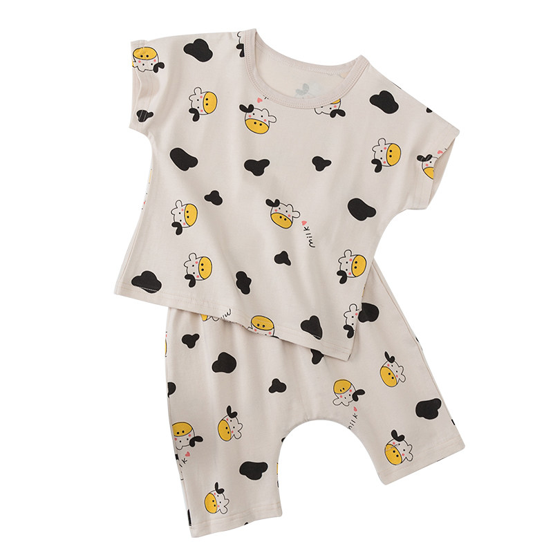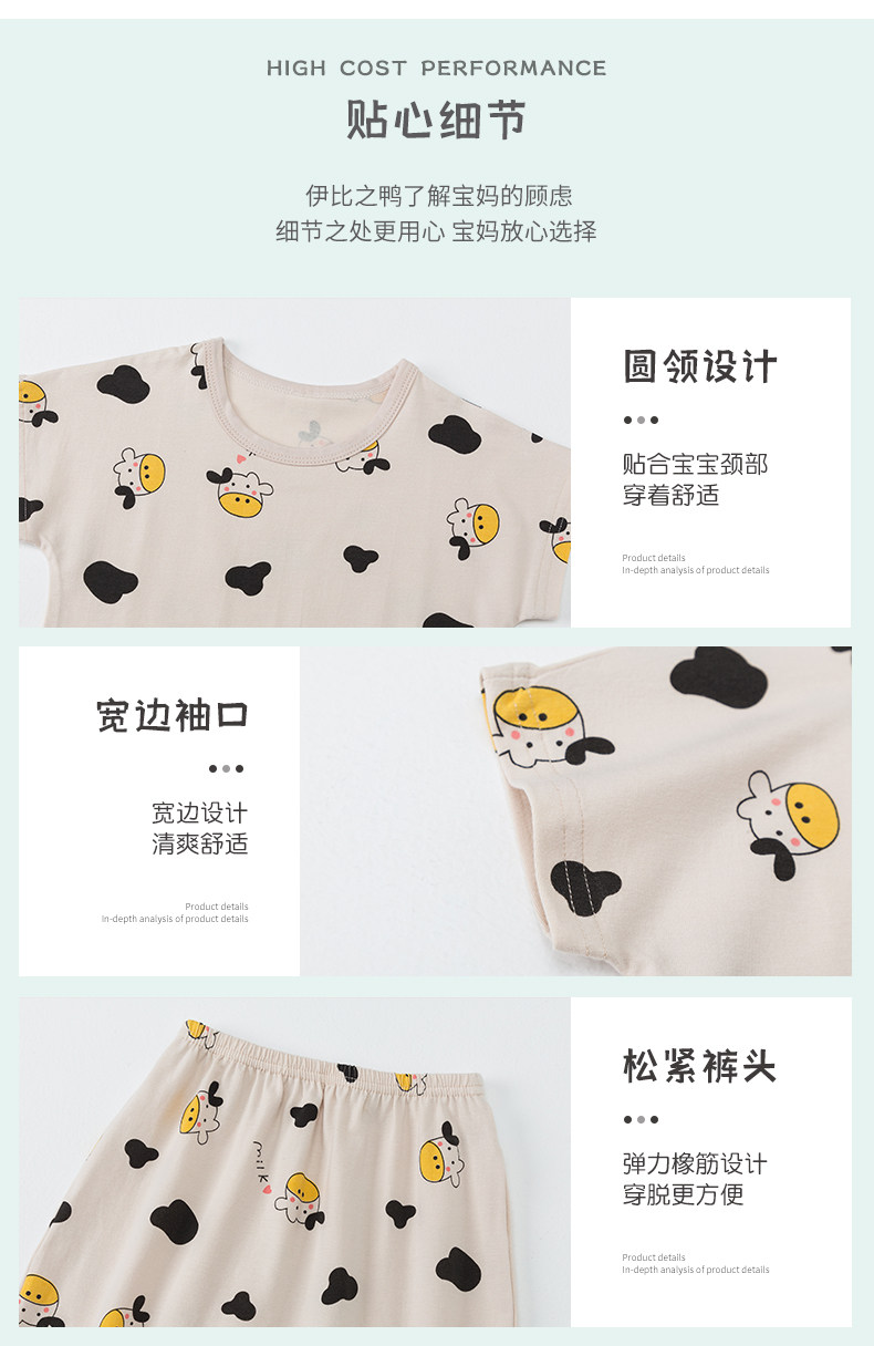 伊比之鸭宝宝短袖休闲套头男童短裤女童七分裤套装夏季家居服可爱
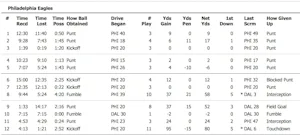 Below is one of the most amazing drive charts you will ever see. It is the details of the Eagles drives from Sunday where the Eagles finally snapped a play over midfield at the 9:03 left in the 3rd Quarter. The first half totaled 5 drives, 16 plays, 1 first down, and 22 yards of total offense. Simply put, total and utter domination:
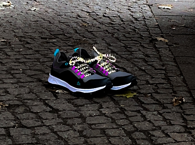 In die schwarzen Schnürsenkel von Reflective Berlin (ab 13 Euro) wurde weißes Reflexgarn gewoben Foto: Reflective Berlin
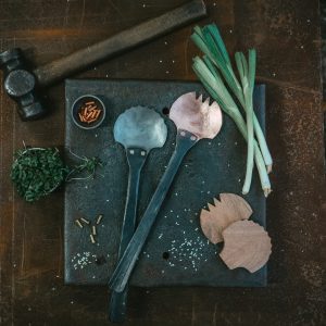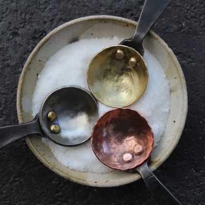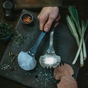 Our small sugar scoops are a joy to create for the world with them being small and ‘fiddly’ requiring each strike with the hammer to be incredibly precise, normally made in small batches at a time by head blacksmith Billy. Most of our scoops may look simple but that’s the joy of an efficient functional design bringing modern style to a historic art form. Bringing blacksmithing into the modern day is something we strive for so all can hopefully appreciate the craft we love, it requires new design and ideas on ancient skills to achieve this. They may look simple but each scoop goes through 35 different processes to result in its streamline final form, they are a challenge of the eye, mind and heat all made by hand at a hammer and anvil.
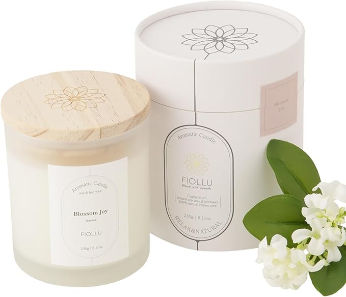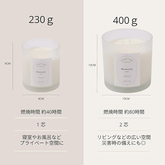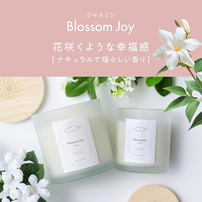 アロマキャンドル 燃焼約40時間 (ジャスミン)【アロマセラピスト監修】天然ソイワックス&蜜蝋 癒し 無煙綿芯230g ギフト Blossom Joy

--

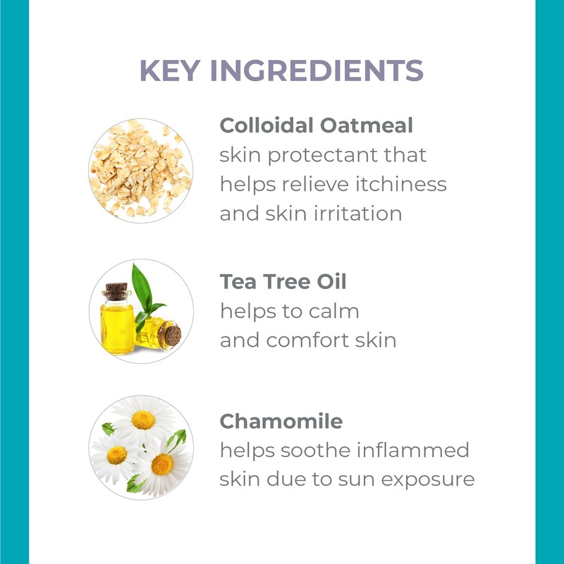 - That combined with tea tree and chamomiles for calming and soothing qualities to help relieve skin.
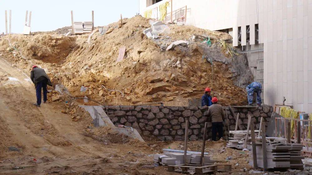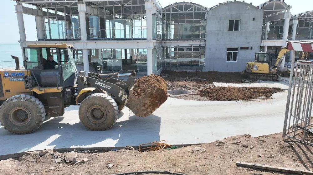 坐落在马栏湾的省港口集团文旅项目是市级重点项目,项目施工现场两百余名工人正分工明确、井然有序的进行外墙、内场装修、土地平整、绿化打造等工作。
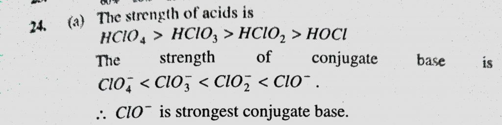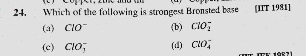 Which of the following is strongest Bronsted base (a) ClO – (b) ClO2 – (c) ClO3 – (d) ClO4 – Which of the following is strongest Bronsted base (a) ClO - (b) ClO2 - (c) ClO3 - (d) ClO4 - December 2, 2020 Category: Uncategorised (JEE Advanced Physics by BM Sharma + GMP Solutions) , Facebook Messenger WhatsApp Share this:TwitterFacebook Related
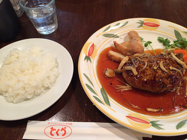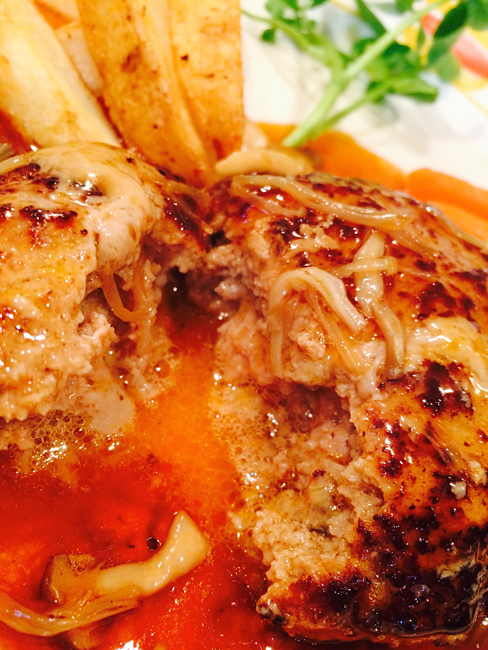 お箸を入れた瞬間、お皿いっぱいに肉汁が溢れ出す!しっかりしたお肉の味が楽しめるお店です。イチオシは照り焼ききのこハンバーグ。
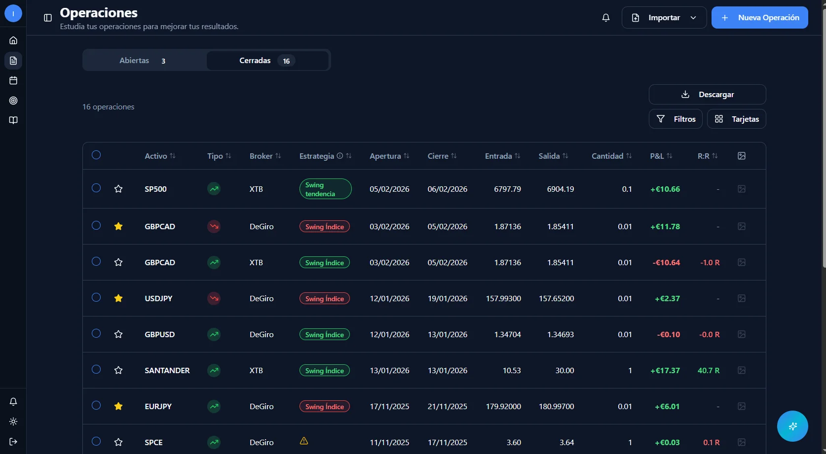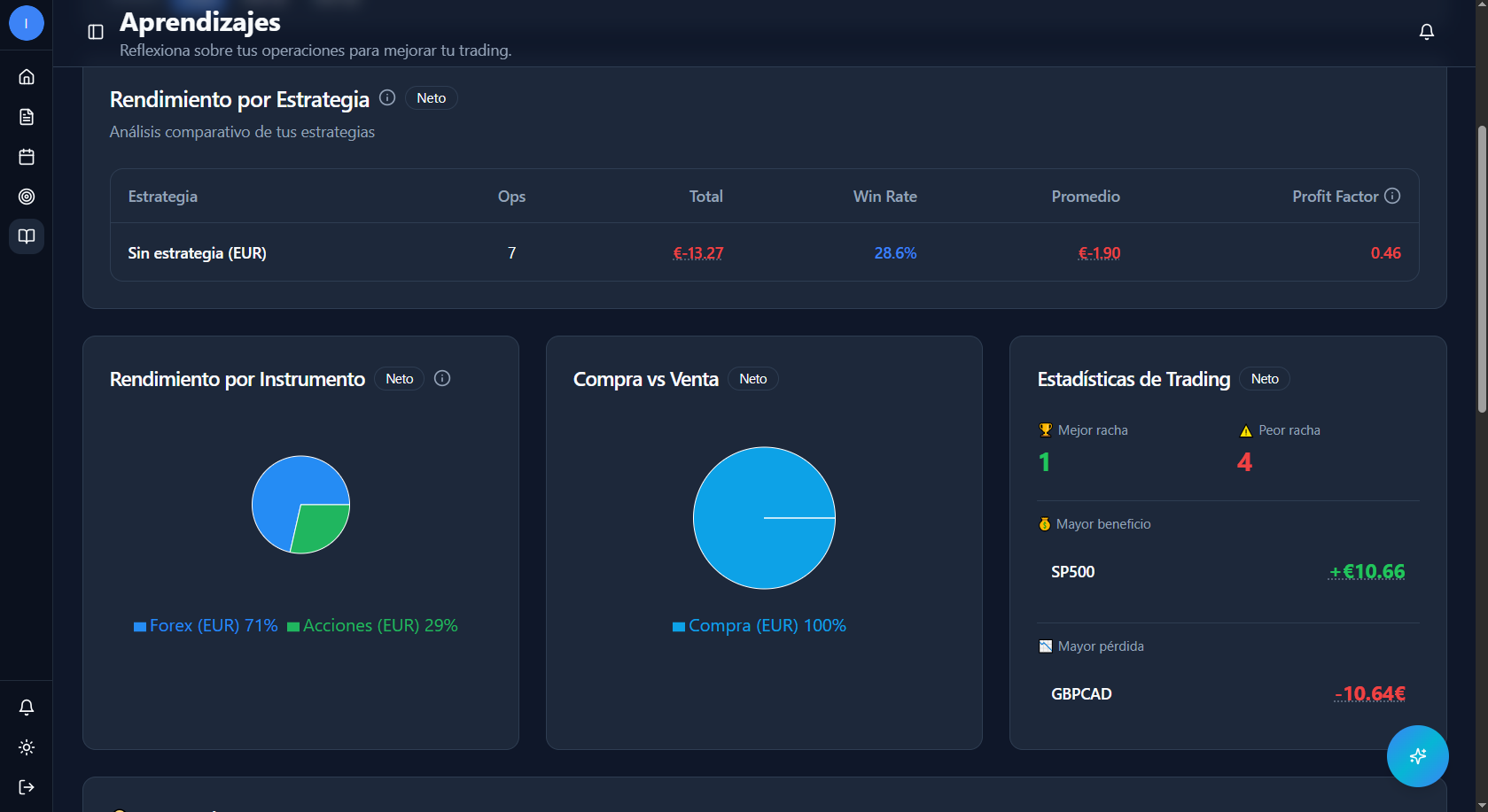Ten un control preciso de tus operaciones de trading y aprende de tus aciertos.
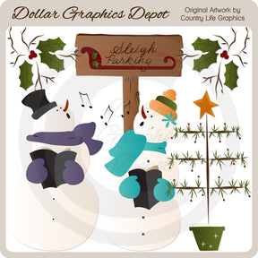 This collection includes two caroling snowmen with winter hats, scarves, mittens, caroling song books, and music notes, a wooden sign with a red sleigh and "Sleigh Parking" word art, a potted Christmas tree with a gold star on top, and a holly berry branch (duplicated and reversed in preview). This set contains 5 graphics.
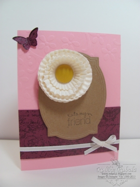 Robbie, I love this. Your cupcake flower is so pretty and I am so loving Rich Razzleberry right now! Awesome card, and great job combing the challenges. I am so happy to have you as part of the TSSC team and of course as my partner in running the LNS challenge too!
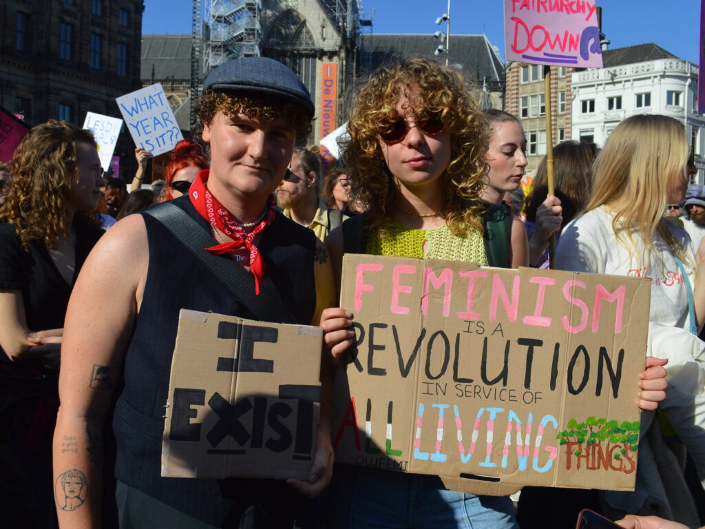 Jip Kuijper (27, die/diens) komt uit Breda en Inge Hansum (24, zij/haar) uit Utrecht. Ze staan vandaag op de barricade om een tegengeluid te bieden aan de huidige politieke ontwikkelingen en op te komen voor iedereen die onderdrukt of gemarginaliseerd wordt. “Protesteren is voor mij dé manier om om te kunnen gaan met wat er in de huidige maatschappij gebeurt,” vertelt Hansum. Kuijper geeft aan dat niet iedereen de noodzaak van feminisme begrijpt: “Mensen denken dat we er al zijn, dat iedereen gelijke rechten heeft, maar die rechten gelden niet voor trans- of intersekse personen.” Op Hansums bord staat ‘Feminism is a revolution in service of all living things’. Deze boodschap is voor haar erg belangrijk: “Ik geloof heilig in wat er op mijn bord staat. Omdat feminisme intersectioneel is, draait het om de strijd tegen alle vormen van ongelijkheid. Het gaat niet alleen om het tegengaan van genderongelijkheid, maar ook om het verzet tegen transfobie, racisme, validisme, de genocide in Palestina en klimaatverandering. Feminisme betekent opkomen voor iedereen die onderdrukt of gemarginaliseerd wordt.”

---

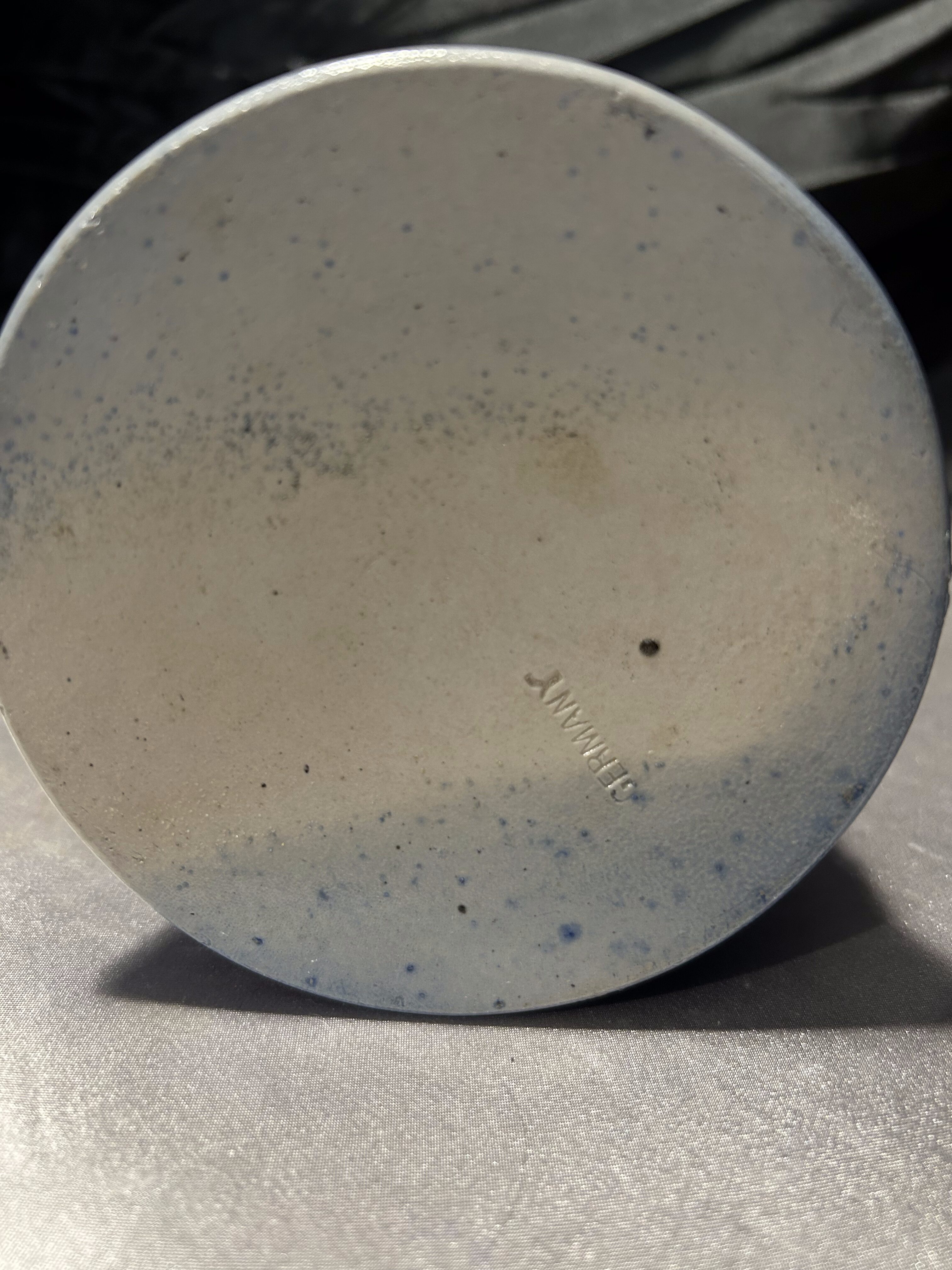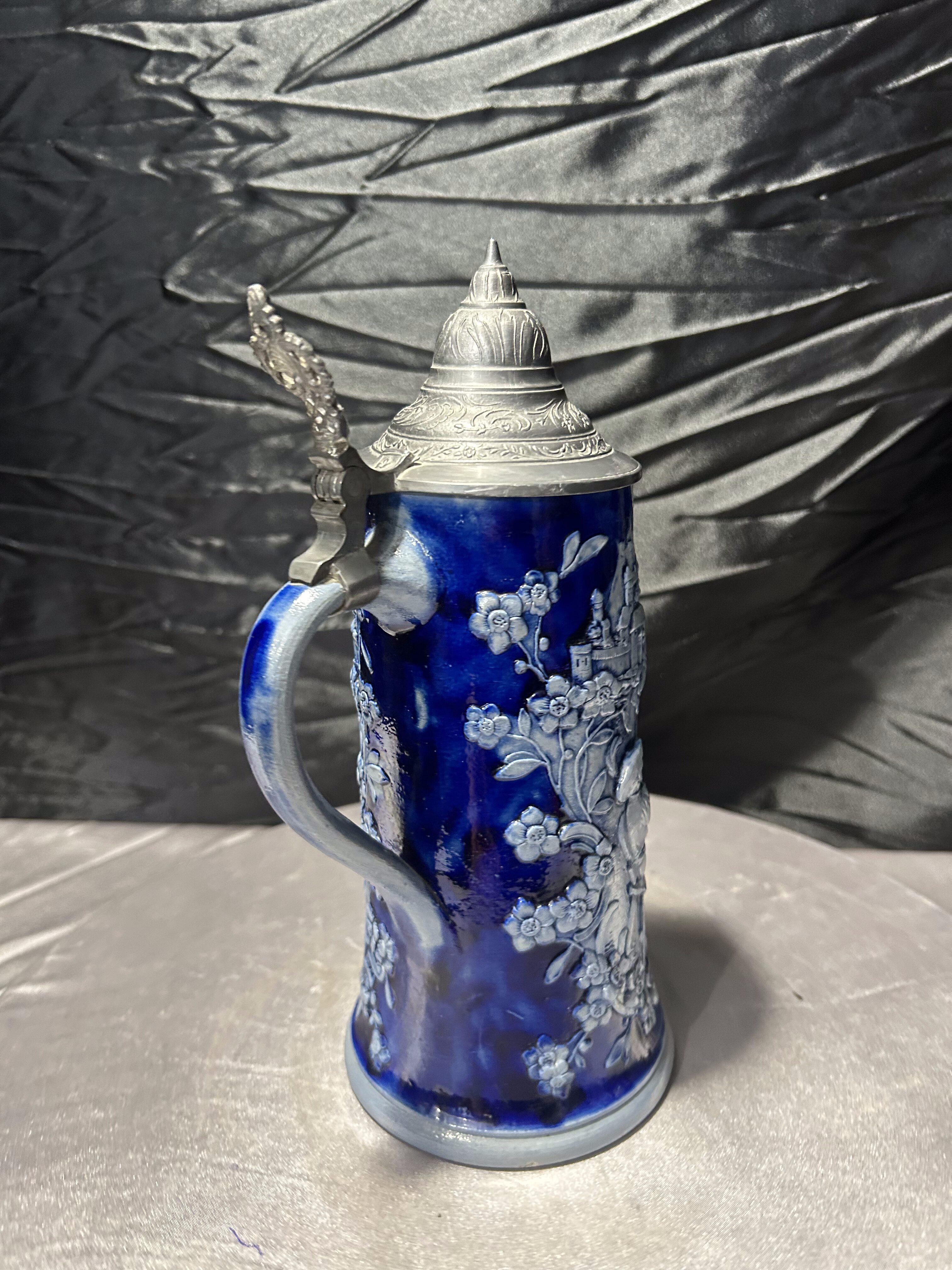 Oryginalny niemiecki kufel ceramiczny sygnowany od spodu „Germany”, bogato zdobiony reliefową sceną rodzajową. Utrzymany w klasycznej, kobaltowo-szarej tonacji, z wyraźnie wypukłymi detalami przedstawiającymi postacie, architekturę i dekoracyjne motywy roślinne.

• [WHAT YOU HAVE TO DO]: What is needed is an exact copy of the lines above, from the one holding "伊比之鸭宝宝短袖休闲套头男童短裤女童七分裤套装夏季家居服可爱" down to the one holding "In die schwarzen", with those two included and the pictures left out.

• [ANSWER]:
 伊比之鸭宝宝短袖休闲套头男童短裤女童七分裤套装夏季家居服可爱
 Below is one of the most amazing drive charts you will ever see. It is the details of the Eagles drives from Sunday where the Eagles finally snapped a play over midfield at the 9:03 left in the 3rd Quarter. The first half totaled 5 drives, 16 plays, 1 first down, and 22 yards of total offense. Simply put, total and utter domination:
 In die schwarzen Schnürsenkel von Reflective Berlin (ab 13 Euro) wurde weißes Reflexgarn gewoben Foto: Reflective Berlin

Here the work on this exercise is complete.